Loneliness without distress, chosen isolation (solitude) at the workplace, and mental health and job performance: a cross-sectional study of Japanese employees

Natsu SASAKI 1, Reiko KURODA 2, Kanami TSUNO 3, Kotaro IMAMURA 4, Hisashi EGUCHI 5, Akihito SHIMAZU 6, Norito KAWAKAMI 4,*
PMCID: PMC11292306  PMID: 38583956

Abstract

While loneliness and social isolation in the workplace affect the mental health and job performance of employees, the effects of loneliness without distress and solitude (i.e., chosen isolation) on these outcomes are unclear. The cross-sectional association was examined by using online survey of full-time employees in Japan (n=846). The results showed that the “loneliness with distress” group had significantly higher psychological distress and lower job performance than the other groups. Work engagement was lower both in the “loneliness with distress” and “loneliness without distress” groups, compared to the “non-loneliness” group. The “unchosen isolation” and the “solitude” groups had poorer scores of psychological distress, work engagement, and work performance, compared to the “non-isolation” group. The preliminary findings showed that loneliness without distress and solitude were associated with poor levels of mental health and job performance and should become a target of mental health promotion interventions in the workplace.

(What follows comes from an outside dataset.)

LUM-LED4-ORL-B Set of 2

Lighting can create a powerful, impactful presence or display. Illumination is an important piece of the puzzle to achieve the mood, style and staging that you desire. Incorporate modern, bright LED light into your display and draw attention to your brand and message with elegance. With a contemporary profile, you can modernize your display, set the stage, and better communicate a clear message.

Keywords: Social isolation, Psychological distress, Work engagement, Counterproductive behaviors


Social isolation (the absence of social contact) and loneliness (a feeling of being alone or isolated) have recently received more attention during the COVID-19 pandemic, as loneliness is becoming increasingly common worldwide1). Loneliness is also common in the workplace. In the UK, 11% of workers often or always experience aspects of loneliness at work2). Social isolation and loneliness in the workplace are an important agenda for occupational health because of their adverse consequences for physical and mental health, as well as job performance3). The negative consequences, including reduced job satisfaction, creativity, and productivity and increased risk of turnover, can be costly4).

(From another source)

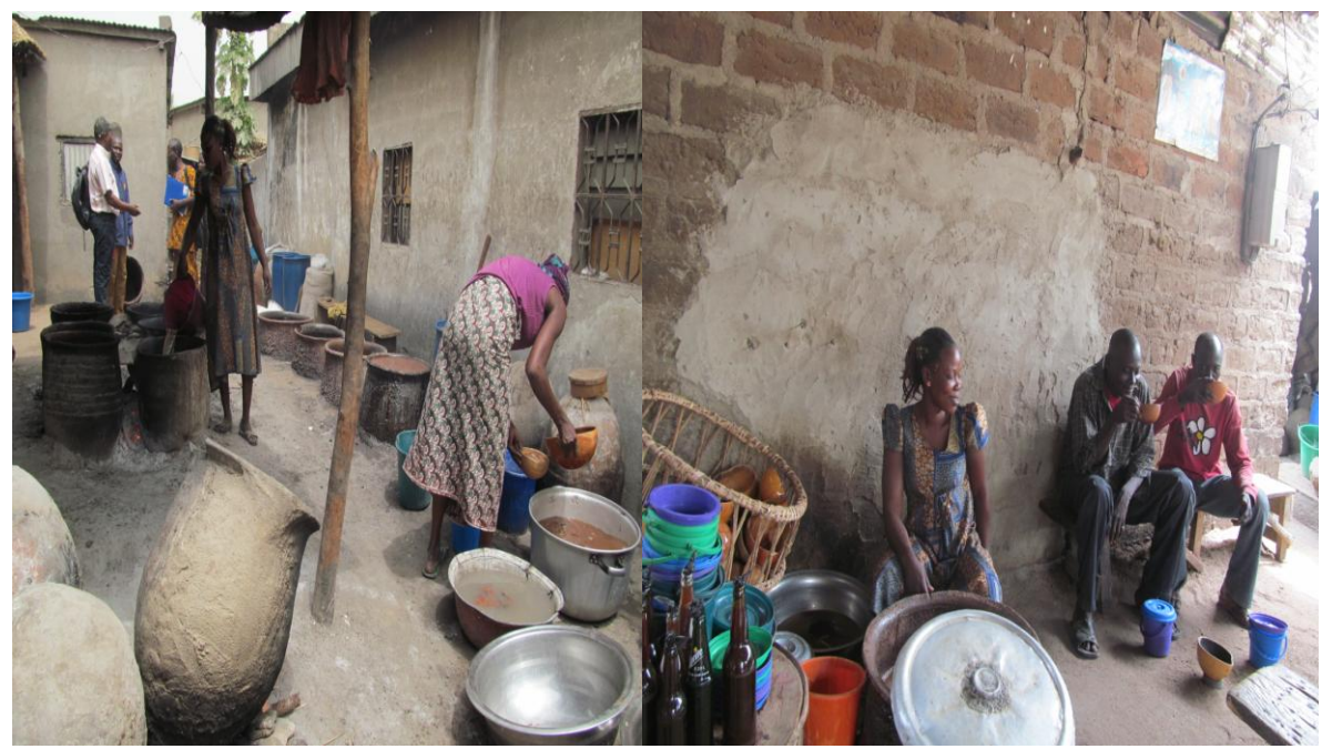
Photos: Local brewing and selling point as an income generating activity for one female support group member

dress making, jewellery and livestock keeping, and motorbike transport. Some of the business activities e.g brewing and selling of local beer (BiliBili- as known in the local language) could further expose the women to sexual violation by their clients; while those engaged in charcoal business are not promoting environmental conservation issues.

Loneliness is affected by personal psychological factors5). However, work characteristics (such as work hours and workload) and organizational factors (such as organizational climate and organizational support) are associated with loneliness in the workplace6, 7). However, the issue of heterogeneity in social isolation and loneliness in the workplace has not been explored. First, loneliness, an emotional reaction associated with social isolation, is often associated with psychological distress, such as depression and anxiety8), but may not be always so. A proposed theoretical model of loneliness based on plausible psychological and neurobehavioral mechanisms argues that non-distress loneliness may be a transient state leading to loneliness with distress9). Is loneliness harmful even when a worker does not feel distress from it? This proposition has not been proven empirically. Second, self-chosen social isolation, called solitude, is usually seen as a self-fulfilling experience for an individual8). Is self-chosen social isolation a preferable state? These questions are crucial to identify targets of mental health promotion interventions for social isolation and loneliness in the workplace.

This cross-sectional study thus preliminarily examined the effect of different types of social isolation and loneliness in the workplace, especially loneliness without distress and solitude (i.e., chosen isolation), on mental health and job performance among Japanese employees.

This cross-sectional study used data from the Employee Cohort Study conducted during the COVID-19 pandemic in Japan (E-COCO-J). Full-time employees were recruited from the registered panel of the Japanese online survey company. The baseline data of this cohort was obtained in March 2020 (n=1,448), and the survey was administered repeatedly to those participants who completed the baseline. This study retrieved the data from wave 14 of the survey in September 2023 (n=921; response rate 63.6%). Participants currently working and without missing covariates were included in the analysis. The wave 14 survey was primarily conducted for this analysis. The Research Ethics Committee of the Graduate School of Medicine/Faculty of Medicine, The University of Tokyo No. 10856-(2)(3)(4)(5), approved this study.

Loneliness with/without distress in the workplace was asked a single question: “Loneliness is the subjective feeling of being ‘alone’. You may feel lonely even when you are connected to others. In your workplace or work situation, which of the following applies to you?” The four response options were “I never feel lonely at work” (non-loneliness), “I feel lonely, but do not feel anxious, worried, or stressed about it” (loneliness without distress), “I feel lonely and thus feels anxious, worried, or stressed” (loneliness with distress), and “other”. We excluded participants who responded “other” from the current analysis (n=1).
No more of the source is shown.